Артемий метнулся к окну, но не доследил клетчатого демисезона и до противоположной стороны переулка: мельканье снега застилало окно.
– Фигура! – качнулся после минутного молчания Николка.
– Все шнырют, высматривают!.. Эх, голова у меня от холоду ломится, застудил на Сахалине, вот башлык завел, – недовольно бурчал Артемий, с бородой закутываясь поверх шапки. – Смотри остерегайся, Пчхов!
– А мне остерегаться нечего, моя жизнь заметная. У всех на виду моя жизнь! – бормотал Пчхов, снимая брезентовый передник.
Наступал полдневный час обеда и передышки в железных трудах Пчхова. Он загасил свою горелку и постоял минутку, как бы прикидывая на глаз, сколько еще грохота таится в железном ломе вдоль просырелых стен мастерской. Лицо у него стало сосредоточенное, прислушивающееся.
– Ползает в ухе-то? – пошутил Николка по уходе Артемия, поднимаясь со своего обрубка.
– Играет с безделья!.. – в голос ему откликнулся Пчхов, а думал о Фирсове: ни в наружности, ни в потрепанной одежде посетителя не нашел Пчхов ничего предосудительного и, хотя повод для визита явно был придуман Фирсовым, сожалел теперь о не состоявшемся разговоре с ним.
«Мастер Пчхов, человек с Благуши! – так год спустя захлебывался в повести своей Фирсов. – Как нужен был людям этот до смущенья пронзительный взгляд из-под нависших татарских бровей, – про них шутила московская шпана, будто он их мажет усатином.

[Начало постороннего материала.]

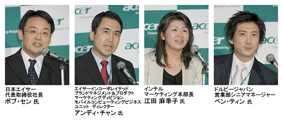 発表会では、アンディ・チャン氏に先駆け、日本エイサーのボブ・セン社長が登壇し、歴史と近況を語った。「エイサーは、2000年、ブランドPCにコアビジネスを転換し、以降、インダイレクトビジネス、マルチブランドによって急成長を遂げています。世界市場ではシェア第3位、ノートPCでは世界シェア2位となり、売上高、利益、出荷数とも順調に推移しており、欧米、そしてエマージングマーケットで着実にエイサーブランドは浸透しています」。
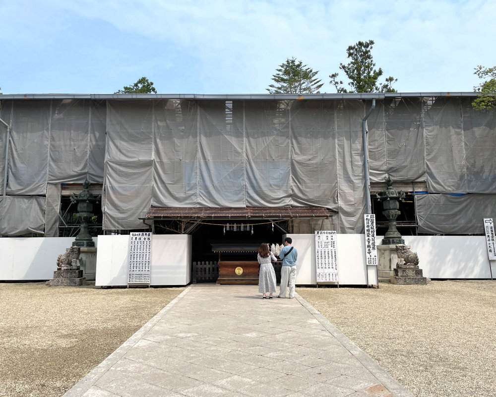 拝殿は入母屋造の建物で、かつては舞殿も兼ねていました。現在は改修され銅板葺の屋根となっています。私が訪れた時はちょうど修理中で、近くで見ることができなかったのが残念...。
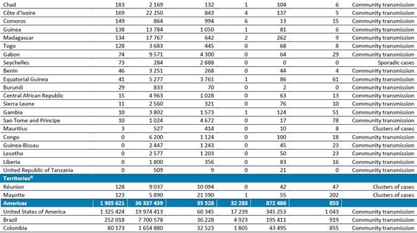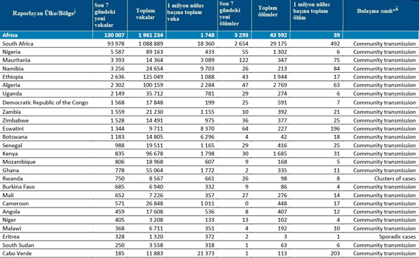 Geçen hafta, Afrika Bölgesinde bir önceki haftaya göre %13 artışla 130.000'den fazla yeni vaka ve bir önceki haftaya göre %4 artışla 3000'den fazla ölüm bildirilmiştir. Geçen hafta, Güney Afrika (93.978 yeni vaka; 1 milyon nüfus başına 1585 yeni vaka), Nijerya (5587 yeni vaka; 1 milyonda 27 yeni vaka), Moritanya (3393 yeni vaka, 1 milyonda 730 yeni vaka) ve Namibya (3256 yeni vaka, 1 milyonda 1281 yeni vaka) en yüksek yeni vaka sayısını bildirmiştir. En yüksek yeni ölüm sayısı Güney Afrika (2654 yeni ölüm; 1 milyonda 45 yeni ölüm), Moritanya (122 yeni ölüm; 1 milyonda 26 yeni ölüm) ve Eswatini Krallığı'ndan (64 yeni ölüm; 1 milyonda 55 yeni ölüm) bildirilmiştir.
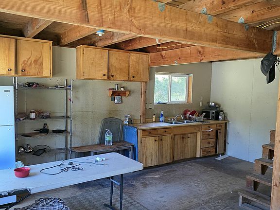 Custom built vacation home on 21 acres ready for you to put your finishing touches on! Conveniently located only 5 miles from Ruth Lake, 3 miles from Mad River PO and Burger Bar. Plus an easy drive to the Dinsmore Store. Listed as a 3 bedroom, but the upstairs is so large that there are several sleeping quarters for when you have lots of guests. Cell reception here is excellent. Insulated outbuilding with wood stove is 12' x 45', insulated 2 car garage is 28' x 24'. There is a drilled well with lots of water storage and 2 shallow seasonal wells. An outside bathroom with tiled shower has been started off of the back deck. Motivated Seller

К нему тащились за человеческим словом виляющие и гордые от обиды, загнанные в последнюю крепость бесстыдства, потерявшиеся в самих себе. Порой посмеивался над ними Пчхов, но он принимал жизнь во всех ее проявленьях не только на взлете, но и в падении, чем и объяснялась его привычка улыбаться на весь мир. Он не оттолкнул Митьку, когда тот, опустошенный и отверженный, постучался к нему однажды ночью. Он не пинал и Агея, хоть и желал ему смерти, как мать неудачному детищу. Он приютил впоследствии и питал трудами своих рук Пугля, скинутого на дно. Да и многие иные, бессловеснейшие и бесталаннейшие из земноногих, находили у Пчхова ласку, никогда не обижавшую.

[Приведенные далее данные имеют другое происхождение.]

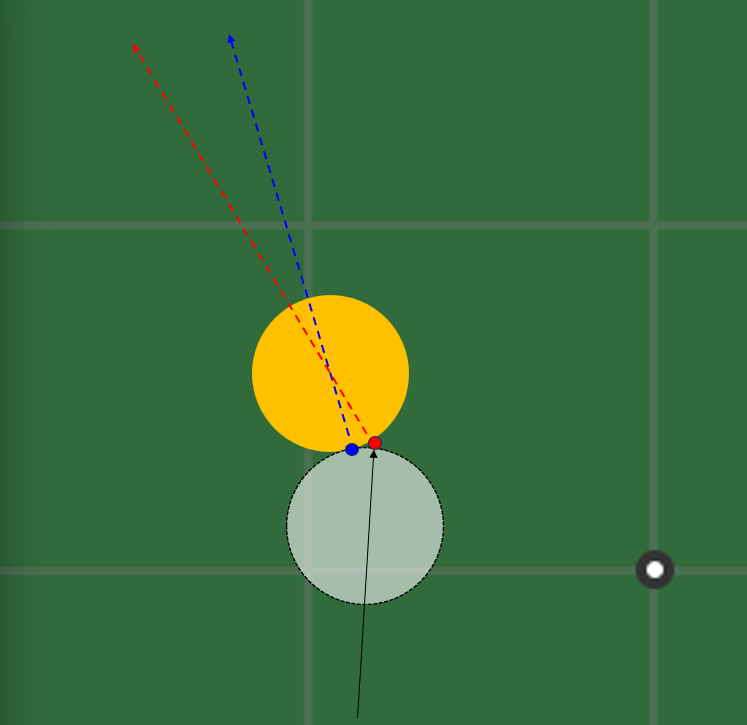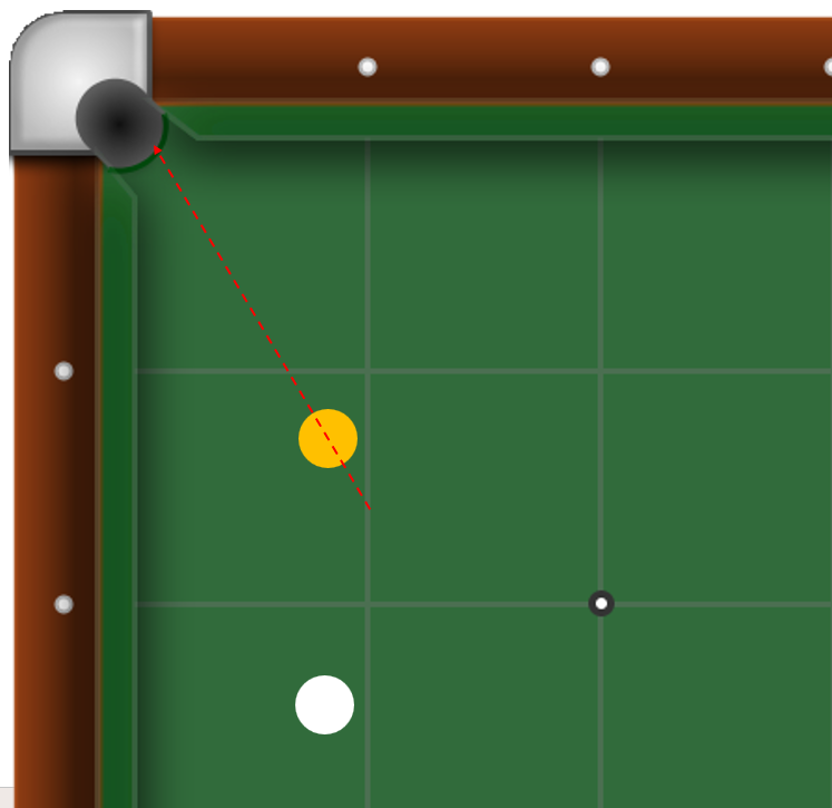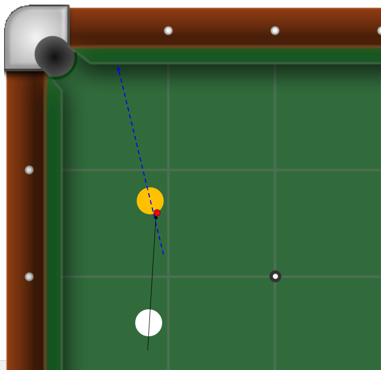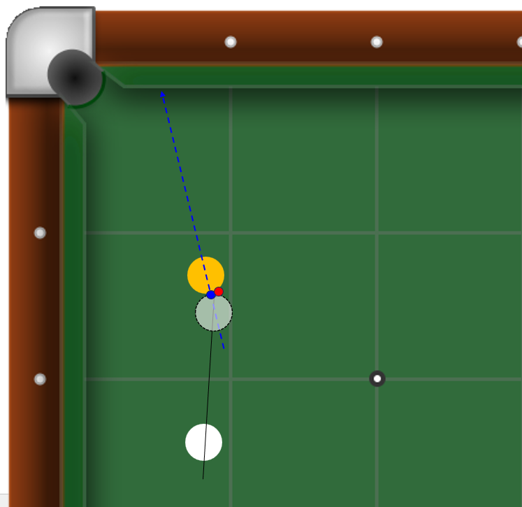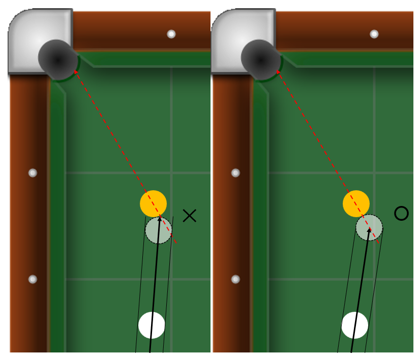 正しく狙うためには、右の図のように、イメージしたゴーストボールと同じ場所に球を転がすとポケットします。

А внутри себя был спокоен, как спокойны люди, видящие далеко. С молодых лет, имея особую склонность к сосредоточению и тишине, полюбил мастер Пчхов деревянное ремесло, самую стружку, весело и пахуче струящуюся из-под стамески, возлюбил. Украдкой верил он в край, где произрастают золотые вербы и среброгорлые птицы круглый день свиристят. Так не для того ль, чтоб плодотворней насладиться впоследствии великим благом тишины, и обрек он себя на слесарное дело и общенье с неспокойными людьми?

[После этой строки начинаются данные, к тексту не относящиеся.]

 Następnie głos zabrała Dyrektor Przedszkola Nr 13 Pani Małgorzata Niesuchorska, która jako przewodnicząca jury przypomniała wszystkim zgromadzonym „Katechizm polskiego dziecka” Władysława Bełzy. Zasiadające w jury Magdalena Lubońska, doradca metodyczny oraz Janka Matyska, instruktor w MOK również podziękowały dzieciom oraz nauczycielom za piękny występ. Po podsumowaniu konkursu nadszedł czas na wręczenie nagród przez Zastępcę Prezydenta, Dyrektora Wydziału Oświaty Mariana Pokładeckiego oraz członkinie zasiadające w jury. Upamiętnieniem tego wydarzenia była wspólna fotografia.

А когда достиг наконец желанного безмолвия, – сказано было в фирсовской повести, – и лежал вытянутый и строгий, как солдат на царском смотру, то вся Благуша, оторвавшись от дел, глазела в окна, как провозили его мимо все по той же бесконечно длинной и скучной улице. И за гробом шел один только Пугль. одичалый и опустившийся от уже последнего сиротства. И все отметили тайком, что Митька Векшин, друг его сердечный, не примчался проводить старика на кладбище…»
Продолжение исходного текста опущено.